A lawsuit was filed on behalf of investors in Hasbro, Inc. (NASDAQ: HAS) shares over alleged securities laws violations.
San Diego, CA -- (SBWIRE) -- 10/09/2018 -- An investor, who purchased shares of Hasbro, Inc. (NASDAQ: HAS), filed a lawsuit over alleged violations of Federal Securities Laws by Hasbro, Inc. in connection with certain allegedly false and misleading statements.
Investors in shares of Hasbro, Inc. (NASDAQ: HAS) should contact the Shareholders Foundation at firstname.lastname@example.org or call +1(858) 779 - 1554.
Pawtucket, RI based Hasbro, Inc., together with its subsidiaries, operates as a play and entertainment company. On October 23, 2017, Hasbro, Inc. announced its third quarter 2017 financial results for the period ended October 1, 2017. Hasbro, Inc. reported that the United States and Canada were negatively impacted by the Toys "R" Us bankruptcy. This contributed to a 5% decline in the U.S. and Canada segment quarterly operating profit to $217.3 million, or 21.9% of net revenues, compared to $228 million, or 24.4% of net revenues in 2016. Hasbro's CEO stated that, "[a]s a result of the Toys "R" Us bankruptcy filing in the U.S. and Canada, there was a negative impact on our quarterly revenues and operating profit." And the Company's CFO warned that the challenges in the U.K. and Brazil were anticipated to continue for the remainder of the year and sales would be up only 4% to 7% from a year ago in the fourth quarter.

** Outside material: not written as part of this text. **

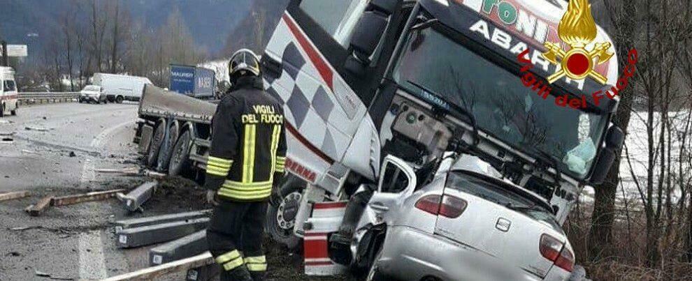 Devastante frontale tra un mezzo pesante e un’auto, una persona perde la vita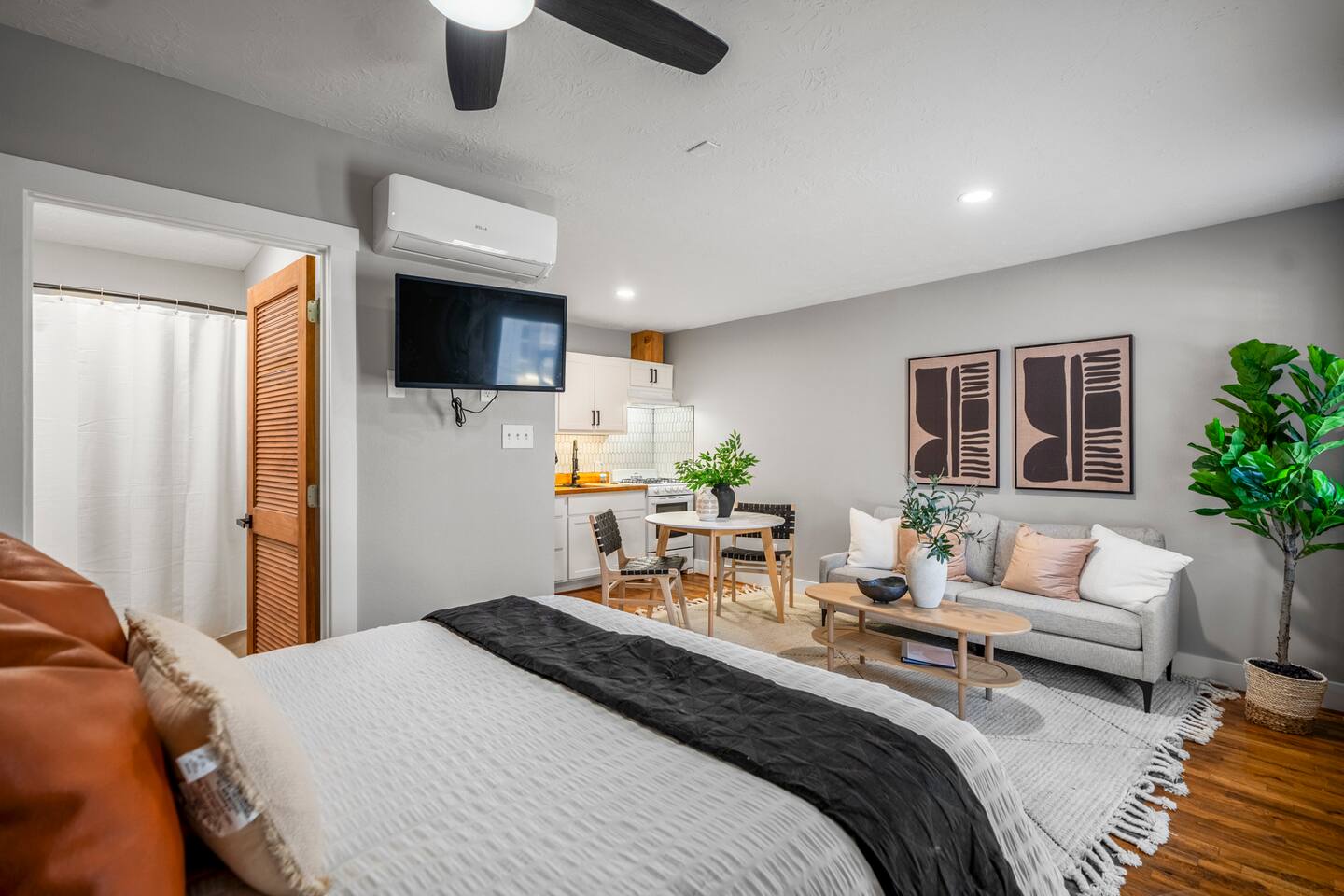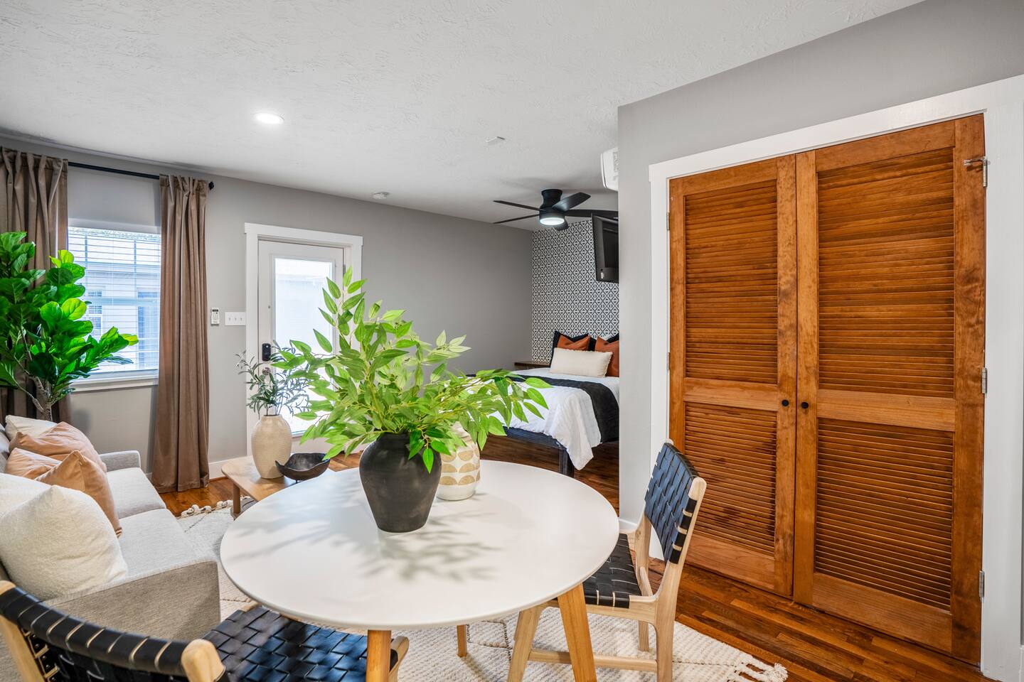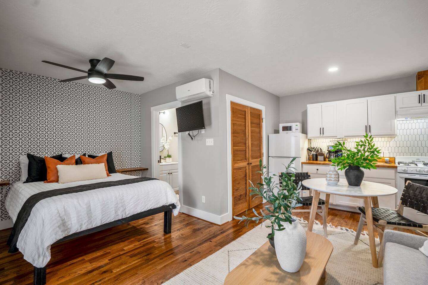 This cozy, fully-equipped studio is located on the lower level and includes 1 comfortable bed, 1 bath, and a modern kitchen perfect for cooking your favorite meals. Relax on the plush couch after a day of exploring Houston or take advantage of the on-site laundry room for added convenience. The studio offers a warm, inviting space with everything you need for a comfortable stay. Free on-site parking is available. As a note, this is ONE unit in a collection of unique spaces at our property. Need more room? We can accommodate multiple guests across our other units!

According to the complaint the plaintiff alleges on behalf of purchasers of Hasbro, Inc. (NASDAQ: HAS) common shares between April 24, 2017 and October 23, 2017, that the defendants violated Federal Securities Laws. More specifically, the plaintiff claims that between April 24, 2017 and October 23, 2017, the defendants knew or recklessly disregarded that Hasbro's relationship with Toys "R" Us was becoming increasingly important to Hasbro's business, as Toys "R" Us was the primary retail brick-and-mortar toy store in the United States, and that Toys "R" Us was in far worse financial condition than was being publicly reported and it would have to dramatically scale back its operations or file for bankruptcy and liquidate, that Hasbro was experiencing significant undisclosed adverse sales issues in two key markets – the United Kingdom and Brazil – which were negatively impacting the Company's efforts to grow sales in those markets, and that as a result of this information being withheld from the market, the price of Hasbro common stock was artificially between April 24, 2017 and October 23, 2017 to over $115 per share and Hasbro insiders were able to sell $147 million worth of their personally held Hasbro stock to the public at inflated prices.
Those who purchased shares of Hasbro, Inc. (NASDAQ: HAS) have certain options and should contact the Shareholders Foundation.
Shareholders Foundation, Inc.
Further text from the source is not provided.